▶ [WHAT THE TASK REQUIRES]:
Set down all of the entries word for word, omitting the images they contain.

(GIVEN DATA)

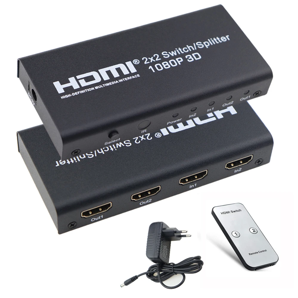 Special Offer 2X2 rozdzielacz hdmi przełącznik 2 w 2 wyjście przełącznik hdmi Box z pilotem IR i wspornik adaptera zasilania 3D 1080P dla HDTV PC PS3 PS4 Discount 30% Today!
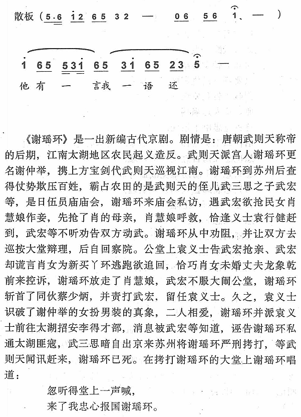 - [京剧谱] 忽听得堂上一声喊 谢瑶环 选段 琴谱 京剧戏谱
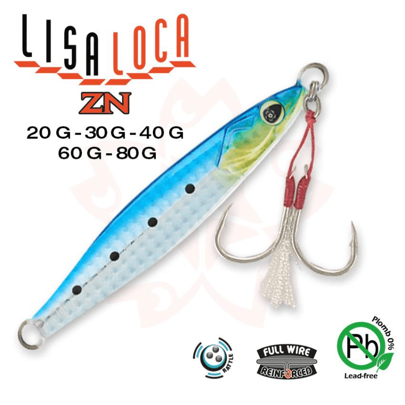 Lors des animations en « Light Jigging » et en « Shore Jigging », sa nage saccadée simule parfaitement les proies affolées tentant de fuir devant un prédateur et pour amplifier davantage l’illusion, les coloris du Lisa Loca Zn sont constitués de films holographiques particulièrement éclatants et attrayants.
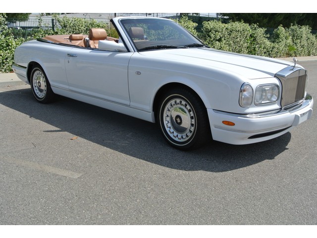 2001 Rolls Royce Corniche Convertible finished in a gorgeous White on Tan color combination with a matching Tan top. Just had a complete service done and is ready for a new home. Service included 6k service, new front brake pads, all new belts, and front brake spheres. Beautifully optioned with RR logos stitched to all the headrests, Burr Walnut wood veneers, wood and leather steering wheel, manual books and Clean Car-fax. Exterior is in very good condition no damages or notable flaws. Interior is in excellent condition as you can see, leather is free of rips, or stains. Wood is in very nice shape through out , only a couple of lines on the door cap wood. The top is in very nice condition and operates smoothly.  We have 2 in-stock now! Call for complete details! Classic Motor Inc. Rolls Royce and Bentley Sales and Service (818)988-1045 pt. SERIOUS BIDDERS ONLY PLEASE. WE HAVE MANY MORE ROLLS ROYCE AND BENTLEYS IN-STOCK NOW!!
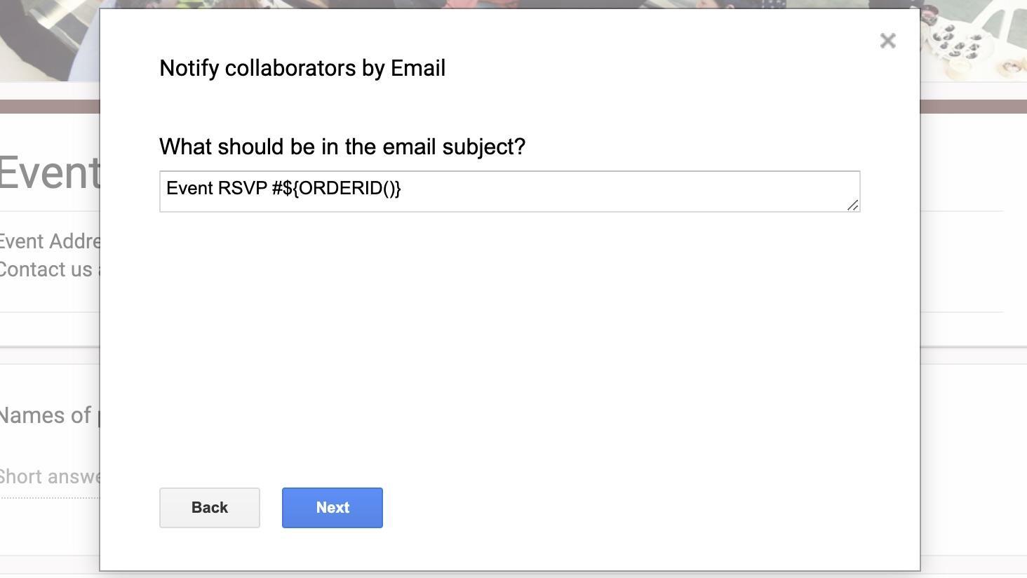 - Googleフォームのメール通知の件名を「Email Subject」に、本文を「Email Body」に入力します。 {{All Answers}} という変数を使用すると、フォーム上のすべての回答を含めることができます。
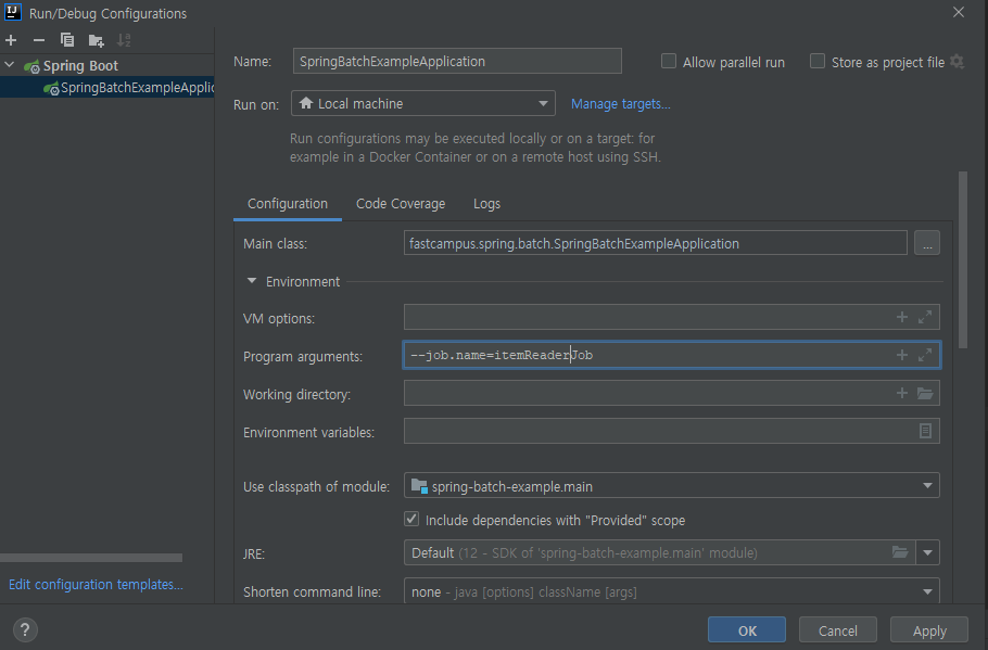 - ItemReaderJob 실행을 위한 매개변수 환경설정

(End GIVEN DATA)

▶ [SOLUTION]:
 Special Offer 2X2 rozdzielacz hdmi przełącznik 2 w 2 wyjście przełącznik hdmi Box z pilotem IR i wspornik adaptera zasilania 3D 1080P dla HDTV PC PS3 PS4 Discount 30% Today!
 - [京剧谱] 忽听得堂上一声喊 谢瑶环 选段 琴谱 京剧戏谱
 Lors des animations en « Light Jigging » et en « Shore Jigging », sa nage saccadée simule parfaitement les proies affolées tentant de fuir devant un prédateur et pour amplifier davantage l’illusion, les coloris du Lisa Loca Zn sont constitués de films holographiques particulièrement éclatants et attrayants.
 2001 Rolls Royce Corniche Convertible finished in a gorgeous White on Tan color combination with a matching Tan top. Just had a complete service done and is ready for a new home. Service included 6k service, new front brake pads, all new belts, and front brake spheres. Beautifully optioned with RR logos stitched to all the headrests, Burr Walnut wood veneers, wood and leather steering wheel, manual books and Clean Car-fax. Exterior is in very good condition no damages or notable flaws. Interior is in excellent condition as you can see, leather is free of rips, or stains. Wood is in very nice shape through out , only a couple of lines on the door cap wood. The top is in very nice condition and operates smoothly.  We have 2 in-stock now! Call for complete details! Classic Motor Inc. Rolls Royce and Bentley Sales and Service (818)988-1045 pt. SERIOUS BIDDERS ONLY PLEASE. WE HAVE MANY MORE ROLLS ROYCE AND BENTLEYS IN-STOCK NOW!!
 - Googleフォームのメール通知の件名を「Email Subject」に、本文を「Email Body」に入力します。 {{All Answers}} という変数を使用すると、フォーム上のすべての回答を含めることができます。
 - ItemReaderJob 실행을 위한 매개변수 환경설정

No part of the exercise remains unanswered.